Na aula de hoje, a propósito da leitura, recordámos o jornalista e escritor Manuel António Pina que celebraria 71 anos amanhã se fosse vivo.
Aqui fica o texto.
Uma vida de
aventuras
O meu nome é Manuel António Pina. Nasci numa terra com um
grande castelo, nas margens de um rio onde, no Verão, passeávamos de barco e
nadávamos nus. Chama-se Sabugal e fica na Beira Alta, perto da fronteira com
Espanha. Quando era pequeno, olhava para o mapa e pensava que, por um
centímetro, tinha nascido em Espanha.
Mais tarde descobri que as fronteiras são linhas inventadas
que só existem nos mapas. E que o Mundo é só um e não tem linhas a separar uns
países dos outros a não ser dentro da cabeça das pessoas.
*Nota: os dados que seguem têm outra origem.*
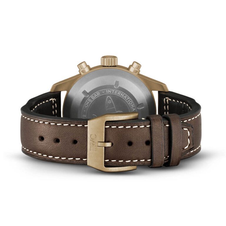 The IWC-manufactured 69380 calibre is a rugged chronograph movement with a classic column wheel design. It displays stopped hours and minutes in two subdials at “9 o’clock” and “12 o’clock”. The bidirectional pawl-winding system builds up a power reserve of 46 hours.
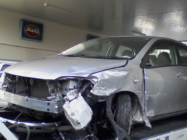 朝8時から携帯に電話があり、従業員が事故しているんでレッカーしてくれと依頼がありました。東脊振トンネルの手前のカーブで事故っている。積載車で早速現場へ。100mほどガードレールに擦りながら来て橋の欄干にぶつかり止ったようです。車は全損です。ミッションケースも割れてます。
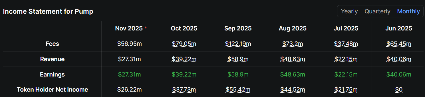 По данным DefiLlama, ежемесячный доход Pump.fun упал ниже $40 млн впервые с июля, упав до $27,3 млн в ноябре, что на 53% ниже сентябрьских $58,9 млн.
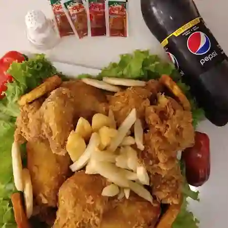 8 presas de pollo a la broaster acompañadas de 4 patacones, 4 arepas y una gaseosa litro a disponibilidad.
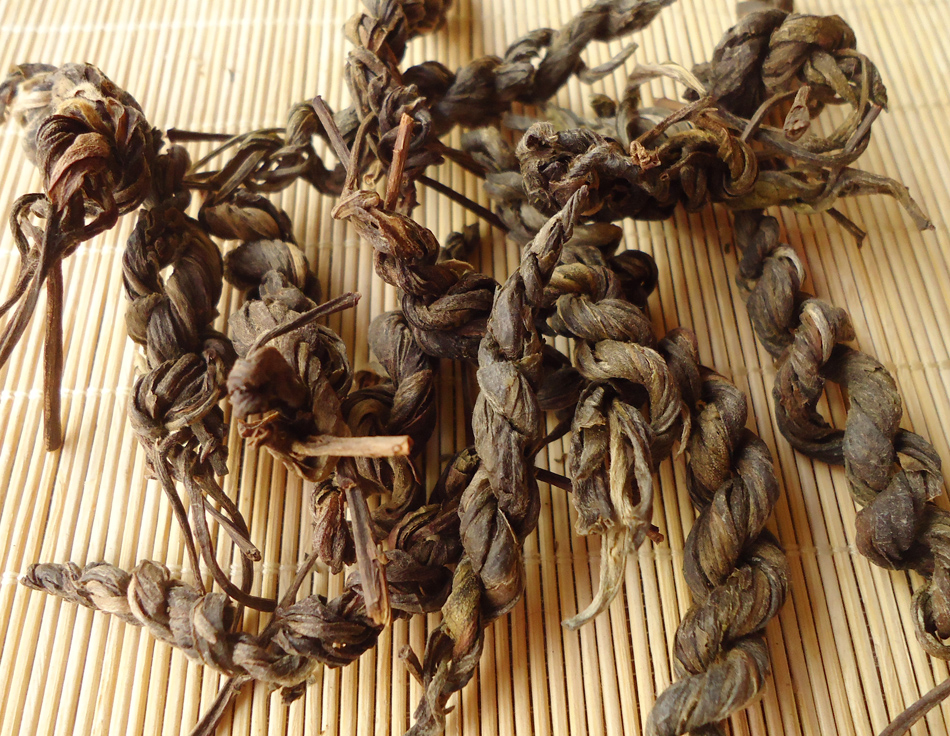 辫子茶是明清时期流传下来,保留在神秘的少数民族——傈僳族中的一种制茶工艺,它的制作需要选用百年以上茶龄的古茶树,用其好的茶青,单独杀青、单独压制,并用传统工艺精制而成,其条索具有惟妙惟肖的辫子特征。由于都是手工编织,添加了很多手工艺术情节!
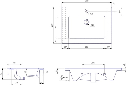 Мебельная раковина Оскар 75
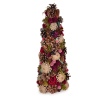 Dekorativní vánoční stromeček LESNÍ STROM ŽIVOTA z přírodních šišek, dřevěných květů, mechu a bobulí. Výška 43 cm, průměr základny 16 cm. Elegantní přírodní ozdoba na stůl, komodu i do předsíně.
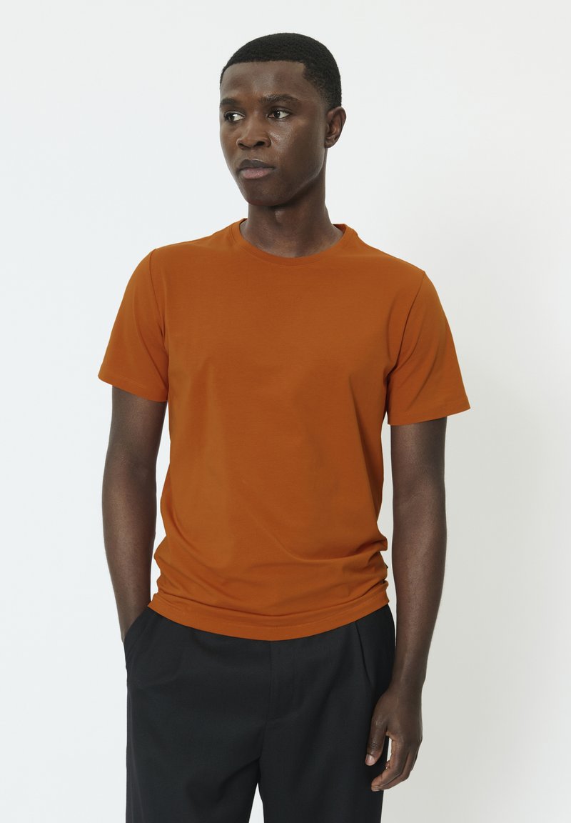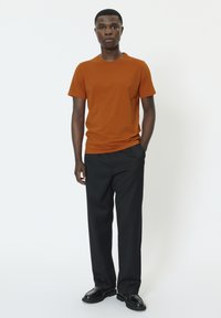 Majica s kratkimi rokavi v barvi bara, z okroglim izrezom, lahkimi tkaninami in gladko teksturo. Kombinirana s črnimi hlačami za kontrast.
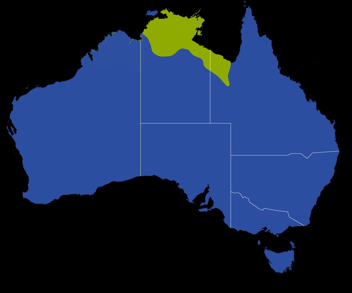 Spalding's rocket frog (Litoria spaldingi) is found from near the NT-WA border to the Gulf of Carpentaria in Queensland.
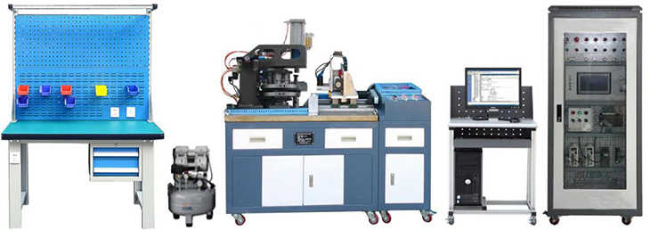 本實訓(xùn)裝置主要由實訓(xùn)臺、電氣控制柜(包括氣動模塊、電源控制模塊、可編程控制器模塊、變頻器模塊、觸摸屏模塊、步進(jìn)電機(jī)驅(qū)動模塊、伺服電機(jī)驅(qū)動模塊、電氣擴(kuò)展模塊等)、動力源(包括交流減速電機(jī)、步進(jìn)電機(jī)、交流伺服電機(jī)等)、機(jī)械傳動機(jī)構(gòu)、十字工作臺、自動送料機(jī)構(gòu)、八角形模架、模具、自動打刀缸機(jī)構(gòu)、操作臺、裝配及檢測工具、型材電腦桌等組成。
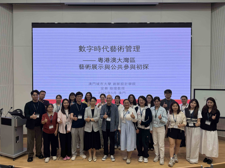 随后,澳城大创意设计学院安舜教授带来“数字时代的艺术管理——粤港澳大湾区艺术展示与公共参与初探”专题讲座。讲座围绕数字环境下文化艺术的运营逻辑与项目管理展开,结合澳门本地文化实践案例,探讨了艺术策展、跨界协作、地域文化与数字博物馆建设等热点议题,为教师们带来了前沿理念与教学启发。
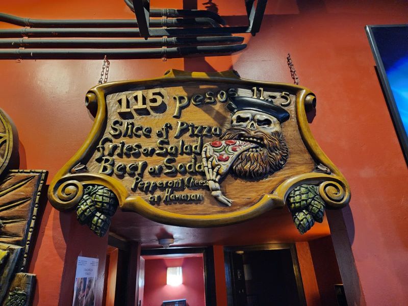 From 4-6pm every day you can have a pint of their hand made craft beer for 45 pesos. It’s a great deal when you consider a Pacifico or a Corona will set you back from between 30-50 pesos at most Vallarta bars and here you have a craft IPA or an ale or a stout for 45 pesos a pint. The last time I checked a pint was 16 ounces, that’s bigger than a 12 oz bottle of Pacifico. They also have pizza by the slice, pepperoni, cheese or Hawaiian for only 45 pesos a slice. They have another deal from 11am-5pm for 115 pesos or about $6.25 US, you get a pint of beer, a slice of pizza and your choice of a salad or a plate of French fries. It’s a steal. I’m going to have Conner and Stephanie, the owners of Los Muertos Brewing and their other amazing restaurant and brewery, El
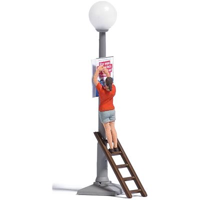 Action Set für die realistische Belebung Ihrer Modellwelt. Frau, die ein Plakat aufhängt. Mit Straßenleuchte (ohne Funktion) und Leiter.

A verdade é que, por causa da profissão de meu pai, vivi
(depois de ter nascido, antes não me lembro…) em muitas diferentes terras e,
por isso, não tenho só uma terra, tenho muitas. Uma delas é o Porto, onde vivi
mais tempo do que em qualquer outra, onde nasceram as minhas filhas e onde
provavelmente morrerei um dia.
Como fui durante muitos anos jornalista, mais de trinta,
viajei um pouco por todo o Mundo, da América ao Japão, da China ao Brasil, da
África ao Alaska. E como sou escritor tenho viajado também por dentro de mim
mesmo. E por dentro das palavras. Assim, apesar de ter nascido numa terra com
um grande castelo, nas margens de um pequeno rio, não pertenço a lugar nenhum,
ou pertenço a muitos lugares ao mesmo tempo. Alguns desses lugares só existem
na minha imaginação. Porque a imaginação, descobri-o também, é o modo mais
fantástico que há de viajar.
De facto, os lugares mais distantes e mais belos onde eu
alguma vez estive não vêm nos mapas. Quando tinha a tua idade, viajei pelo
fundo dos mares, e desci ao centro da Terra, e fui à Lua, e aos pólos, e ao
passado, e ao futuro, dentro dos livros de Júlio Verne, de Jack London, de
Emílio Salgari. À noite, quando todos se iam deitar e a casa silenciosamente
adormecia, partia eu para as mais emocionantes aventuras, às vezes só
regressando já de madrugada. Combati nos mares do Sul contra piratas e
flibusteiros ao lado de Sandokan; persegui Moby Dick, a baleia branca, no
tempestuoso barco do Capitão Acab; desci o Mississipi na jangada de Huckleberry
Finn; cacei búfalos nas imensas pradarias do Oeste; e, com Tintin fui preso e
condenado à morte em Chicago, na China, nos Andes, e salvei-me sempre no último
momento, e com ele e com o Capitão Haddock, e com a cadela Milou, perdi-me nas neves
do Tibet e nos desertos da Arábia, e fui à Lua e voltei…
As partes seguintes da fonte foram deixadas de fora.